Material provided:
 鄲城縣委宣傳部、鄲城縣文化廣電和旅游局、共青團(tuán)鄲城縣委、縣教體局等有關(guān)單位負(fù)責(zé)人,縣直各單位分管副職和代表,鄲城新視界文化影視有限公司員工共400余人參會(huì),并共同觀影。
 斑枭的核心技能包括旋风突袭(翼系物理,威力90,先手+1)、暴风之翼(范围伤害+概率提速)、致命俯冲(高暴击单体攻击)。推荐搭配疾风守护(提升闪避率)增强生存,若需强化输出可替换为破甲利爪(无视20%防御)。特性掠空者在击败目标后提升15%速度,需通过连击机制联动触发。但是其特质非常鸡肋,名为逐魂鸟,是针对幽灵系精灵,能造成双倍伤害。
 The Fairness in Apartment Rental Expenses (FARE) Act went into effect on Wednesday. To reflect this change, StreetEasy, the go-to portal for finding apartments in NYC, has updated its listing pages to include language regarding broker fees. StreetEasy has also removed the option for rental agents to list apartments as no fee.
--
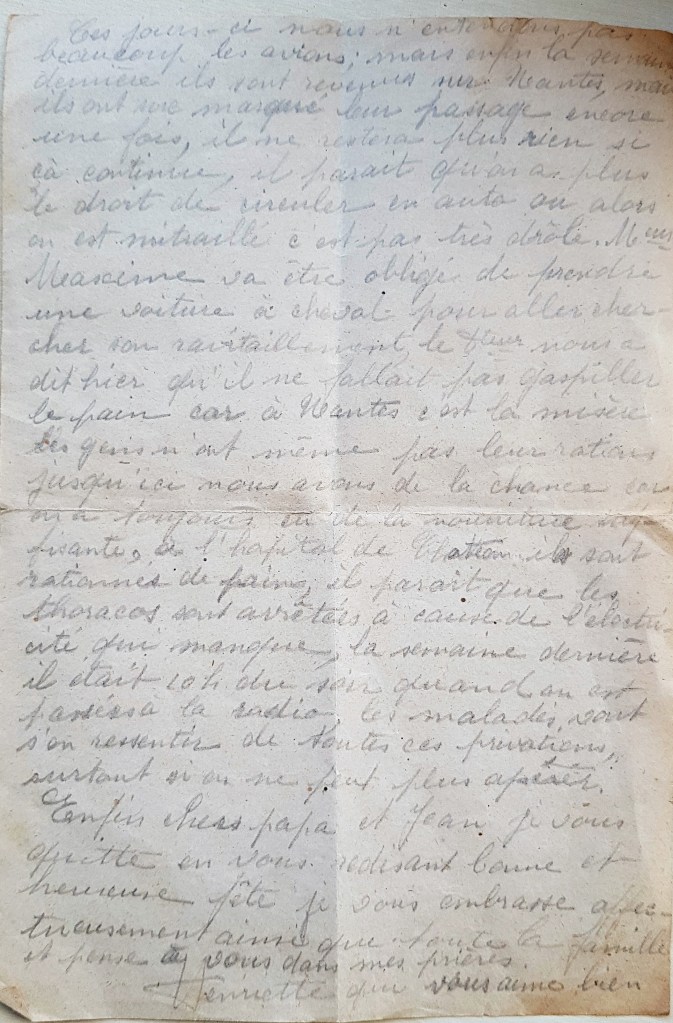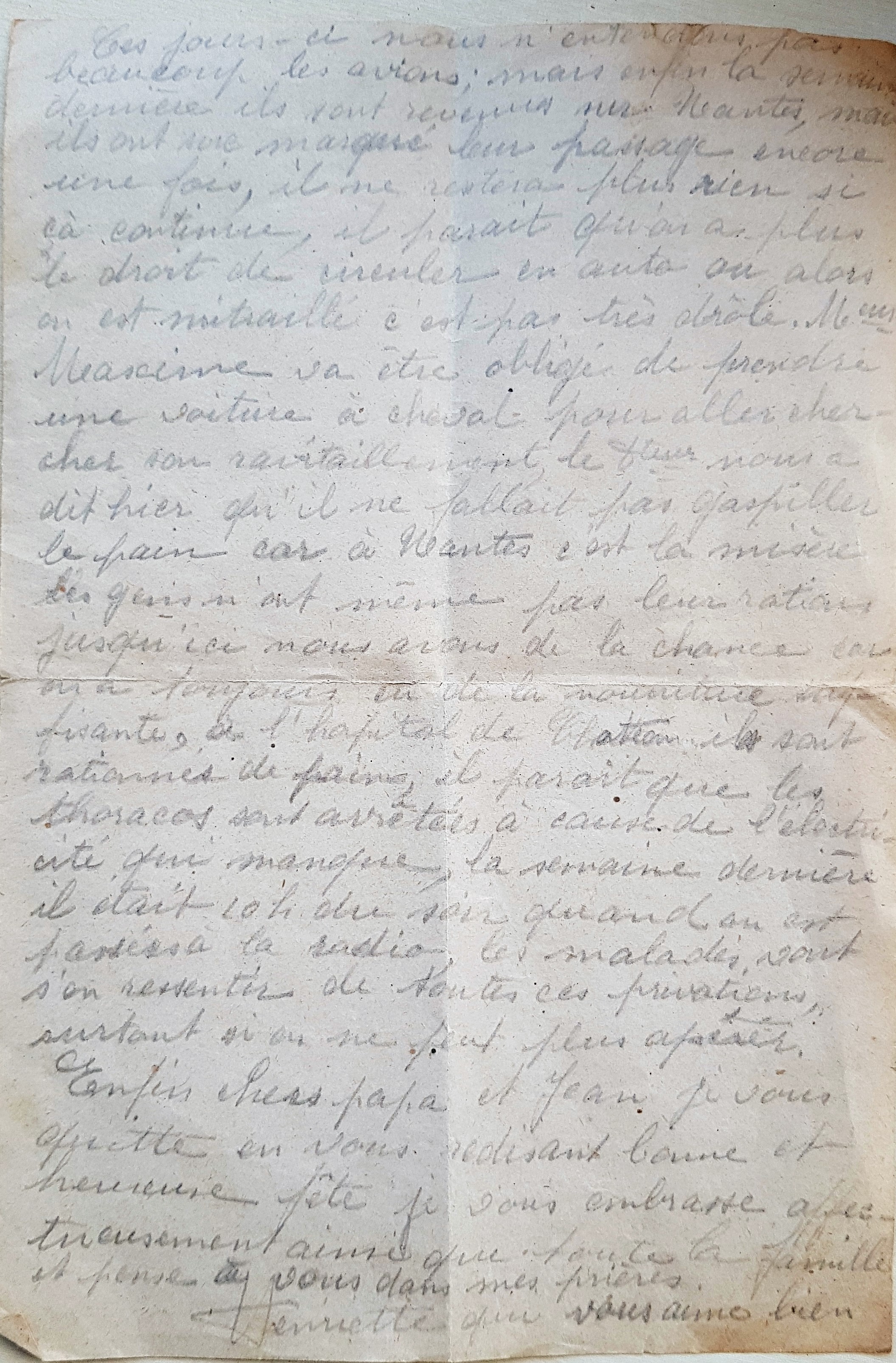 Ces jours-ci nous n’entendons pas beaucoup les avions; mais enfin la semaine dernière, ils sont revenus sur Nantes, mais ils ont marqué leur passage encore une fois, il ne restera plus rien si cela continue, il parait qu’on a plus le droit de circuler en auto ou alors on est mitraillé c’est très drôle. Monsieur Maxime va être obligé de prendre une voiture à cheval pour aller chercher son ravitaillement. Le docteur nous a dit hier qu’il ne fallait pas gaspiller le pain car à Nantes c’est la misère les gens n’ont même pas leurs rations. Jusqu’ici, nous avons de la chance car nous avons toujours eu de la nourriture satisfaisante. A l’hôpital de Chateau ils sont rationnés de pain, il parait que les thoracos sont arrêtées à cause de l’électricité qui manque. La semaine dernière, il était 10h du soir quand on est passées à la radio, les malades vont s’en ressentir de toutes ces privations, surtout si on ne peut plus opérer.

What you should do:
In the listing above, find the line holding "鄲城縣委宣傳部、鄲城縣文化廣" and the line holding "The Fairness in", then output those two lines and every line between them exactly.

Result for this task:
 鄲城縣委宣傳部、鄲城縣文化廣電和旅游局、共青團(tuán)鄲城縣委、縣教體局等有關(guān)單位負(fù)責(zé)人,縣直各單位分管副職和代表,鄲城新視界文化影視有限公司員工共400余人參會(huì),并共同觀影。
 斑枭的核心技能包括旋风突袭(翼系物理,威力90,先手+1)、暴风之翼(范围伤害+概率提速)、致命俯冲(高暴击单体攻击)。推荐搭配疾风守护(提升闪避率)增强生存,若需强化输出可替换为破甲利爪(无视20%防御)。特性掠空者在击败目标后提升15%速度,需通过连击机制联动触发。但是其特质非常鸡肋,名为逐魂鸟,是针对幽灵系精灵,能造成双倍伤害。
 The Fairness in Apartment Rental Expenses (FARE) Act went into effect on Wednesday. To reflect this change, StreetEasy, the go-to portal for finding apartments in NYC, has updated its listing pages to include language regarding broker fees. StreetEasy has also removed the option for rental agents to list apartments as no fee.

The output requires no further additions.